- Born: 4 November 1877 Bayswater, London, UK
- Died: 1 December 1925 (aged 48) Woking, Surrey, UK
- Education: Wadham College, Oxford
- Known for: Taxonomy Botany
- Spouse: Elsie Katherine Dykes (died 1933)
- Awards: Veitch Memorial Medal (1924), Victoria Medal of Honor (1925)
- Scientific career
- Fields: Botany
- Academic advisors: Sir Michael Foster
- Author abbrev. (botany): Dykes

= William Rickatson Dykes =

English botanist (1877–1925)

William Rickatson Dykes (4 November 1877 – 1 December 1925) was an English amateur botanist who became an expert in the field of iris breeding and wrote several influential books on the subject.

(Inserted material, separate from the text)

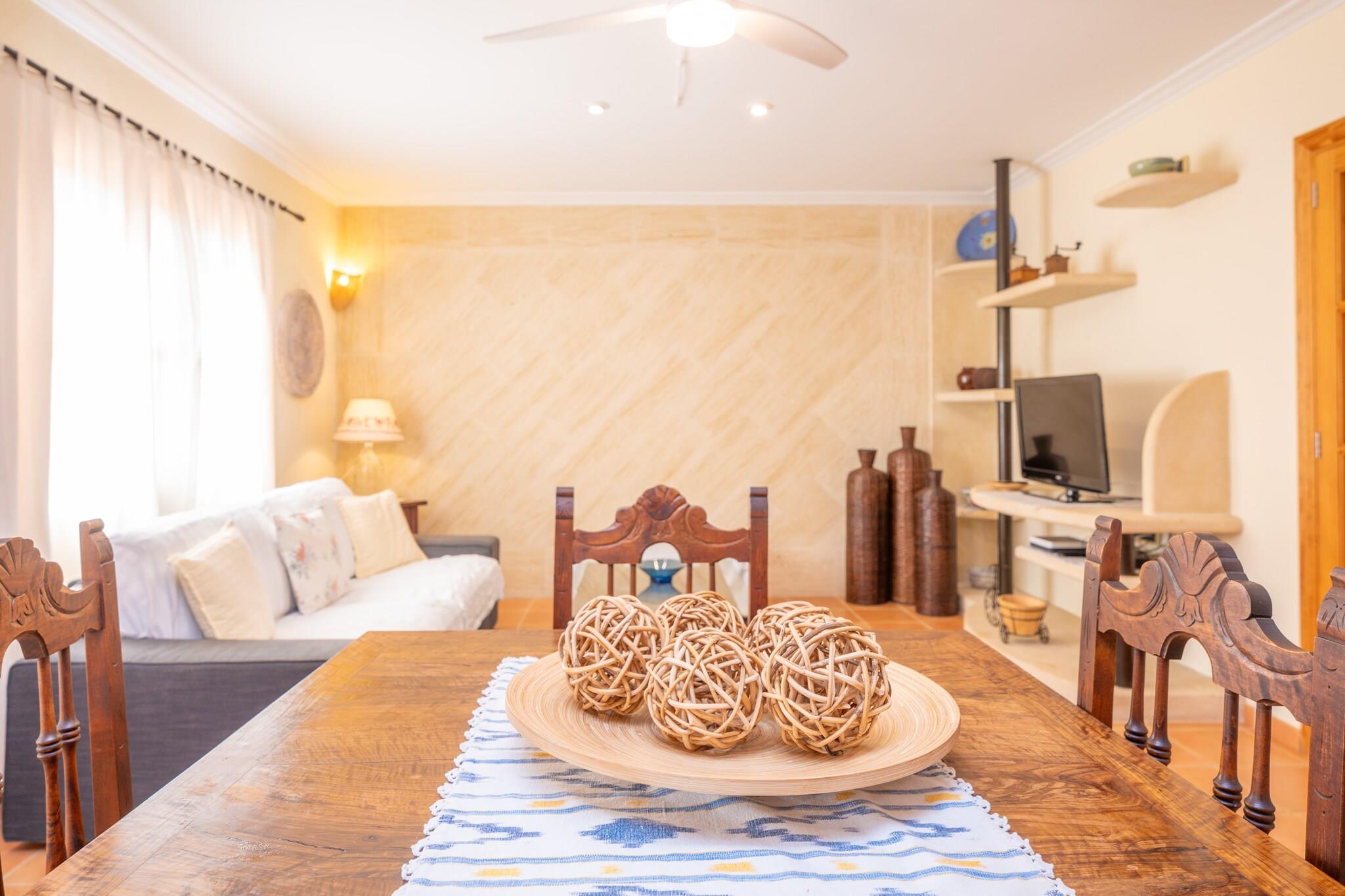 U kunt genieten van de charmante buitenkant van dit huis, aangezien het terrassen, veranda's en tuinen heeft. Op het grasveld dat een deel van het huis omringt, kunt u zonnebaden op de 4 ligstoelen of spelen met de kleintjes in het huis. Het terras, ingericht met twee fauteuils en een gezellige bank, is ideaal om een ??boek te lezen of te genieten van een goed glas Mallorcaanse wijn. De volledig ingerichte veranda voor lunch of diner buiten is ideaal voor uw feest met familie en vrienden of voor het bereiden van een heerlijke barbecue. De privacy van het huis is totaal en het terrein is omheind. Ongeveer 210 m2 huis, verdeeld over twee verdiepingen, zullen uw vakantie tot een paar geweldige dagen van ontspanning en rust maken. Op de begane grond vindt u een slaapkamer met een tweepersoonsbed en twee badkamers met douche; één van hen buitenkant. Als u met een baby reist, voorzien wij u van een wieg en een kinderstoel. De woonkamer is open naar dezelfde ruimte als de eetkamer, daarin vinden we een bank waar u uw favoriete serie op satelliettelevisie kunt kijken, daarnaast staat een comfortabele tafel met stoelen waar u met het gezin kunt eten en dineren. De keuken, onafhankelijk, is ruim en comfortabel, heeft een keramische kookplaat en beschikt over al het benodigde keukengerei om comfortabel uw beste gerechten te kunnen bereiden. Op de eerste verdieping van dit prachtige huis vinden we nog twee slaapkamers; een slaapkamer met een tweepersoonsbed en een slaapkamer met twee eenpersoonsbedden, beide met kledingkast en ventilator. Er is een derde badkamer met ligbad. Op deze verdieping vindt u ook een terras met prachtig uitzicht op het landschap en de bergen. Pollença is een prachtig stadje aan de voet van het Tramuntana-gebergte, dat voornamelijk wordt bewoond door lokale en traditionele mensen. Het heeft een haven op ongeveer 7 km afstand met prachtige stranden en een rijk commercieel en horecaleven waar u door de winkels kunt slenteren of de typische gerechten kunt proeven in de verse visrestaurants of typisch Mallorcaanse gerechten. De geschiedenis van Pollença kun je ervaren terwijl je door de oude binnenstad wandelt, die jarenlang intact is gebleven. U kunt gaan wandelen en een bezoek brengen aan het Heiligdom van Lluc, de stad Llucalcari of Escorca, verborgen in onze Sierra. Voor eventuele extra kosten kunt u contact opnemen met de adverteerder. Wij accepteren geen huisdieren. Het vieren van evenementen is niet toegestaan. Er is buiten parkeergelegenheid voor 2 auto's. Afstanden Strand: 5,5 km - Cala Sant Vicenç Luchthaven: 64,0 km - Son Sant Joan Golfbaan: 4,4 km - Golf Pollença Stad: 1,3 km - Pollença Treinstation: 15,4 km - station Sa Pobla Bushalte: 0,5 km - Ctra. Pollença-Pto. Pollença, Pollença Veerboot: 14,8 km - Port d'alcudia Ziekenhuis: 13,8 km - Juaneda Muro-ziekenhuis Toeristenvergunning: ETV/86 Verwarming (januari - december): 20 EUR/nacht (optioneel)

He was also interested in tulips, amaryllis, and other plants.

==Early life and education==
William Rickatson Dykes was born on 4 November 1877 at Bayswater in London, the second son of Alfred Dykes. He was a clever student and a talented athlete
who attended City of London School and then Wadham College, Oxford. In 1900, he obtained an M.A. in classics. Later he received a licence ès lettres from the University of Paris (Sorbonne).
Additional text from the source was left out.